50. With regard to Section 4 of the Arbitration Act, i.e. waiver to object, the Supreme Court in Central Organization for Railway Electrification (supra) has held that Section 4 is a deeming provision. It deems that a party has waived its right to object if it proceeds with the arbitration without stating its objection to non-compliance of any provisions from which the parties may derogate or of any requirement 28 NEUTRAL CITATION NO. 2026:MPHC-JBP:31454 A.A. No. 14 of 2023 & 25 of 2023 under the arbitration agreement.

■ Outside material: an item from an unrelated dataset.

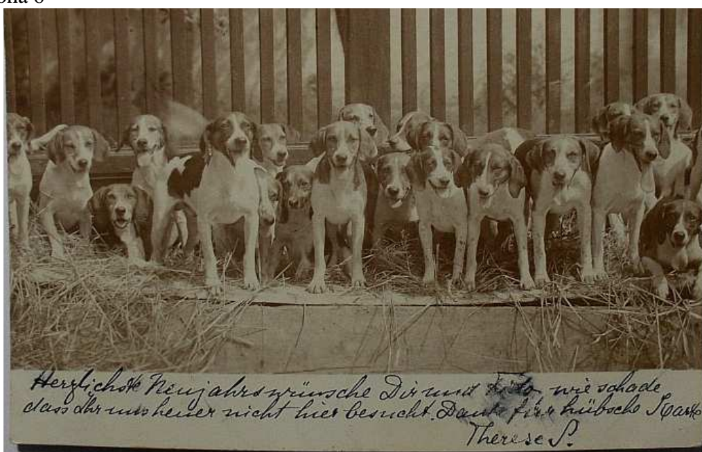
Blahopřání k novému roku

Pursuant to Section 4 of the Arbitration and Conciliation Arbitration Act, a party which knows that a requirement under the arbitration agreement has not been complied with and still proceeds with the arbitration without raising an objection, as soon as possible, waives their right to object. It has further been held that Section 4 distinguishes between derogable (non- mandatory) and mandatory provisions.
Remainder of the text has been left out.